Aligns input audio to both the native language transcript a translated one.

* `input`: can be an audio file path (`string`), encoded audio (`Buffer` or `Uint8array`) or a raw audio object (`RawAudio`)
* `transcript`: the transcript to align to, in the native speech language
* `translatedTranscript`: the translated transcript to align to
* `options`: transcript and translation alignment options object

#### Returns (via promise):

```ts
{
	timeline: Timeline
	wordTimeline: Timeline

	translatedTimeline: Timeline
	translatedWordTimeline: Timeline

	transcript: string
	translatedTranscript: string

	sourceLanguage: string
	targetLanguage: string

	inputRawAudio: RawAudio
	isolatedRawAudio?: RawAudio
	backgroundRawAudio?: RawAudio
}
```

### `alignTimelineTranslation(inputTimeline, translatedTranscript, options)`

Aligns given timeline with its translated transcript.

* `inputTimeline`: input timeline in the native language
* `translatedTranscript`: the translated transcript to align to
* `options`: timeline translation alignment options object

#### Returns (via promise):

```ts
{
	timeline: Timeline
	wordTimeline: Timeline

	sourceLanguage?: string
	targetLanguage: string

	rawAudio?: RawAudio
}
```

## Language detection

### `detectSpeechLanguage(input, options)`

Detects language of spoken audio.

* `input`: can be an audio file path (`string`), encoded audio (`Buffer` or `Uint8array`) or a raw audio object (`RawAudio`)
* `options`: speech language detection options object

#### Returns (via promise):
```ts
{
	detectedLanguage: string
	detectedLanguageName: string
	detectedLanguageProbabilities: LanguageDetectionResults
}
```

### `detectTextLanguage(input, options)`

Detects language of text.

* `input`: input text as `string`
* `options`: text language detection options object

#### Returns (via promise):
```ts
{
	detectedLanguage: string
	detectedLanguageName: string
	detectedLanguageProbabilities: LanguageDetectionResults
}
```

## Voice activity detection

### `detectVoiceActivity(input, options)`

Detects voice activity in audio (non-real-time).

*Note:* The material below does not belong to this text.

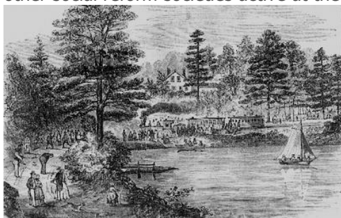
Harmony Grove, 1852

It had boating facilities and areas for strolling, for playing games, and for holding large outdoor meetings-a combination making it a popular spot for gatherings of temperance, abolition, and other social reform societies active at the

* `input`: can be an audio file path (`string`), encoded audio (`Buffer` or `Uint8array`) or a raw audio object (`RawAudio`)
* `options`: voice activity detection options object

#### Returns (via promise):
```ts
{
	timeline: Timeline
}
```

## Speech denoising

### `denoise(input, options)`

Tries to reduce background noise in spoken audio.

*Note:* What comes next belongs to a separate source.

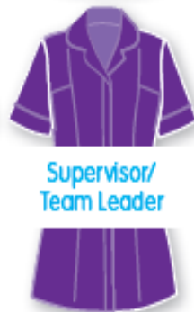
Supervisor/ Team Leader
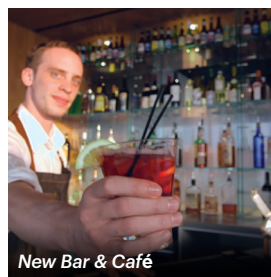
New Bar & Café

* `input`: can be an audio file path (`string`), encoded audio (`Buffer` or `Uint8array`) or a raw audio object (`RawAudio`)
* `options`: denoising options object

#### Returns (via promise):
```ts
{
	denoisedAudio: RawAudio
}
```

## Source separation

### `isolate(input, options)`

Attempts to isolate an individual [audio stem](https://en.wikipedia.org/wiki/Stem_(audio)), like human voice, or one or more musical instruments (depending on model training), from the given waveform.

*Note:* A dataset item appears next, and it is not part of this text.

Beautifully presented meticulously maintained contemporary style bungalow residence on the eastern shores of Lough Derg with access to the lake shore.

* `input`: can be an audio file path (`string`), encoded audio (`Buffer` or `Uint8array`) or a raw audio object (`RawAudio`)
* `options`: source separation options object

#### Returns (via promise):
```ts
{
	inputRawAudio: RawAudio
	isolatedRawAudio: RawAudio
	backgroundRawAudio: RawAudio
}
```

## Subtitles

### `timelineToSubtitles(timeline, options)`

Converts a timeline to subtitles.

* `timeline`: timeline object
* `options`: subtitles configuration object

#### Returns:

Subtitle file content, as a string.

### `subtitlesToTimeline(subtitles)`

Converts subtitles to a timeline.

* `subtitles`: timeline object

**Note**: This function simply converts each individual cue to a segment entry in a timeline. Since subtitle cues may contain parts of sentences or phrases, this may not produce very useful results for your needs. However, you can use it as a means to parse a subtitle file (`srt` or `vtt`), and apply your own processing later.

#### Returns:

Timeline object.

## Global options

### `setGlobalOption(key, value)`

Sets a global option.

See the [options reference](Options.md) for more details about the available global options.


### `getGlobalOption(key)`

Gets a global option.

#### Returns:

The value associated with the given key.

## TODO

* Expose more methods that may be useful for developers, like phonemization, etc.
* Expose audio playback used in CLI, possibly with timeline synchronization support.